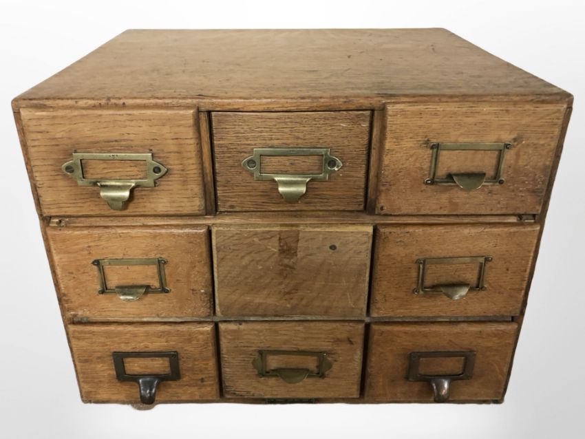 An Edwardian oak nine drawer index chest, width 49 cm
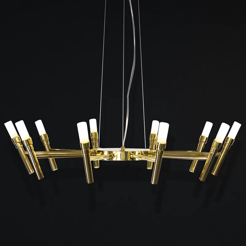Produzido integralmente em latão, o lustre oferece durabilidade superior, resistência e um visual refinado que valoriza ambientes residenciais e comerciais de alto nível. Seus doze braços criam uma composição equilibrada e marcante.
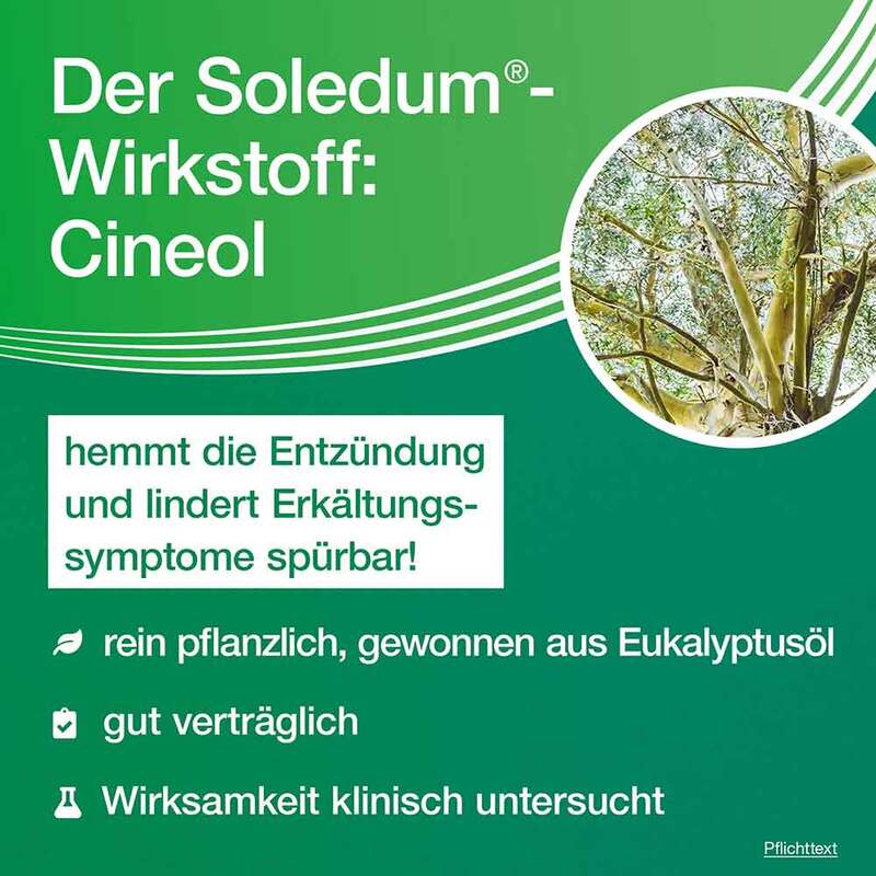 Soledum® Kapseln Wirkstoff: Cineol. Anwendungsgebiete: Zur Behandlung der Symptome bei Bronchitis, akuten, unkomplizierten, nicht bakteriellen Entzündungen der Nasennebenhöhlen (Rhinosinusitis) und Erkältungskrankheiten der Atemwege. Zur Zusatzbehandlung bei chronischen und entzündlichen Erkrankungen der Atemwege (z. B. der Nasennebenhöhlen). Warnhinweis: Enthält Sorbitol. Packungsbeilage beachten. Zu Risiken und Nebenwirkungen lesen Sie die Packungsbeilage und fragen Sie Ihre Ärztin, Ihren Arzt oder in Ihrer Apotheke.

+-------+

_What is needed_
Repeat all the data as it stands, dropping any images it holds.

_Answer space_
 An Edwardian oak nine drawer index chest, width 49 cm
Produzido integralmente em latão, o lustre oferece durabilidade superior, resistência e um visual refinado que valoriza ambientes residenciais e comerciais de alto nível. Seus doze braços criam uma composição equilibrada e marcante.
 Soledum® Kapseln Wirkstoff: Cineol. Anwendungsgebiete: Zur Behandlung der Symptome bei Bronchitis, akuten, unkomplizierten, nicht bakteriellen Entzündungen der Nasennebenhöhlen (Rhinosinusitis) und Erkältungskrankheiten der Atemwege. Zur Zusatzbehandlung bei chronischen und entzündlichen Erkrankungen der Atemwege (z. B. der Nasennebenhöhlen). Warnhinweis: Enthält Sorbitol. Packungsbeilage beachten. Zu Risiken und Nebenwirkungen lesen Sie die Packungsbeilage und fragen Sie Ihre Ärztin, Ihren Arzt oder in Ihrer Apotheke.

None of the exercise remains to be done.